The first argument to `forEachPartial` is the partials to visit, and the second is the callback function that should be invoked on each partial. The final argument is the address of the callback function data. In this case, it is the address of a `double` variable storing the fundamental frequency. If no callback data is needed, 0 should be passed as the final argument.

The callback function should return 0 unless the iteration should stop. If the callback returns a non-zero value, that value is immediately returned by `forEachPartial`, and the callback is not invoked on any more partials. If the callback visits all the partials in a `PartialList`, returning zero each time, then `forEachPartial` returns zero.

There is also a function `forEachBreakpoint` that can be used to invoke a callback function on each breakpoint in a partial.

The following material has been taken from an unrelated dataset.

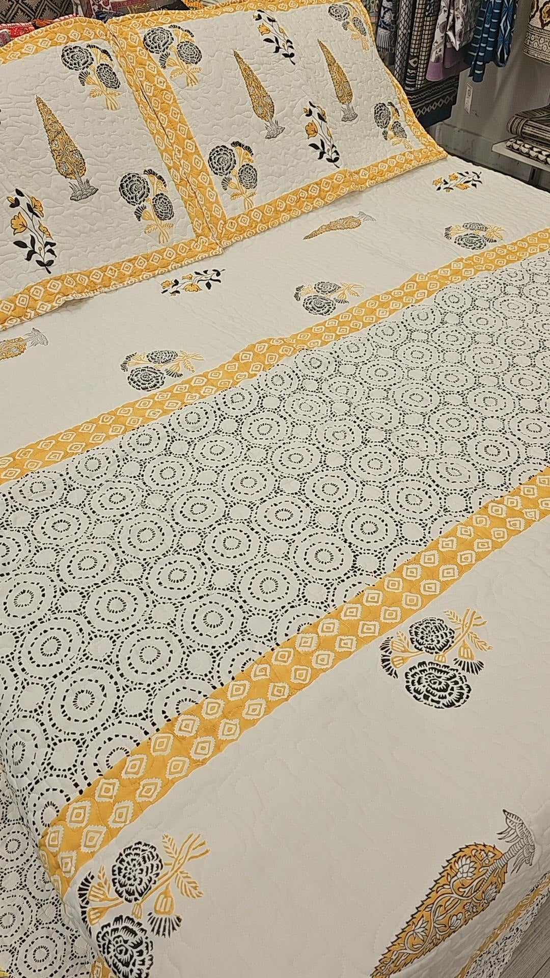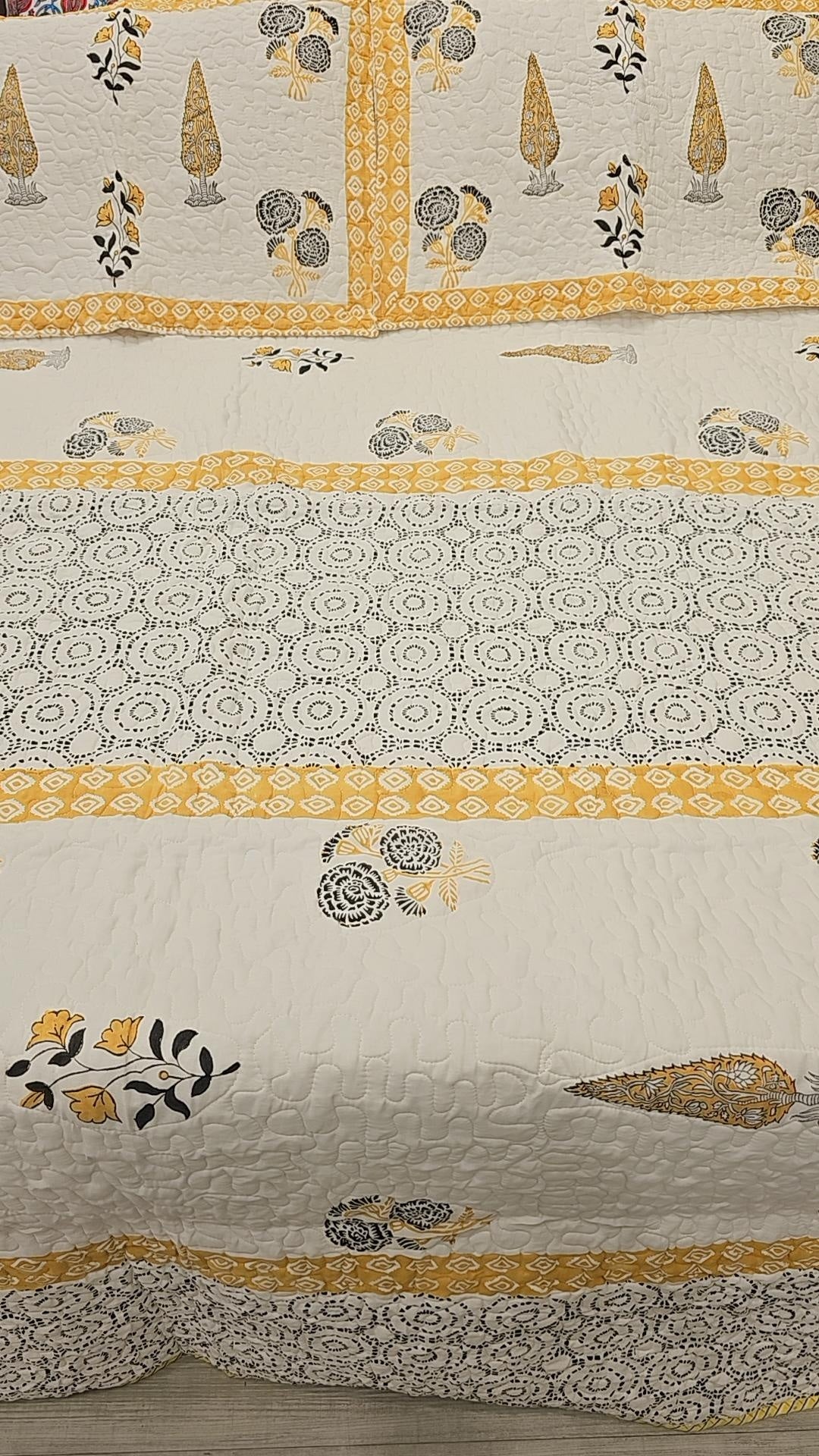 Introducing our "Sunrise Serenity: Off-White Mustard Comforter Set" - a stunning blend of comfort and style that will elevate your bedroom to new heights. Crafted with exquisite handblock print detailing, each piece in this set exudes warmth and sophistication.

`forEachPartial` and `forEachBreakpoint` are powerful tools for analyzing and processing modeled sounds. With clever construction of callback functions and callback function data structures, you can effect a great variety of manipulations and transformations of Loris analysis data.

Distillation

The sound morphing algorithm in Loris requires that the partials in each source be labeled uniquely, that is, no two partials in a single source can have the same label.

Distillation is the process for enforcing this condition. All partials identified with a particular channel, and therefore having a common label, are fused, or distilled into a single partial, leaving at most one partial per frequency channel and label.

The `distill` function in the Loris procedural interface distills a set of labeled partials.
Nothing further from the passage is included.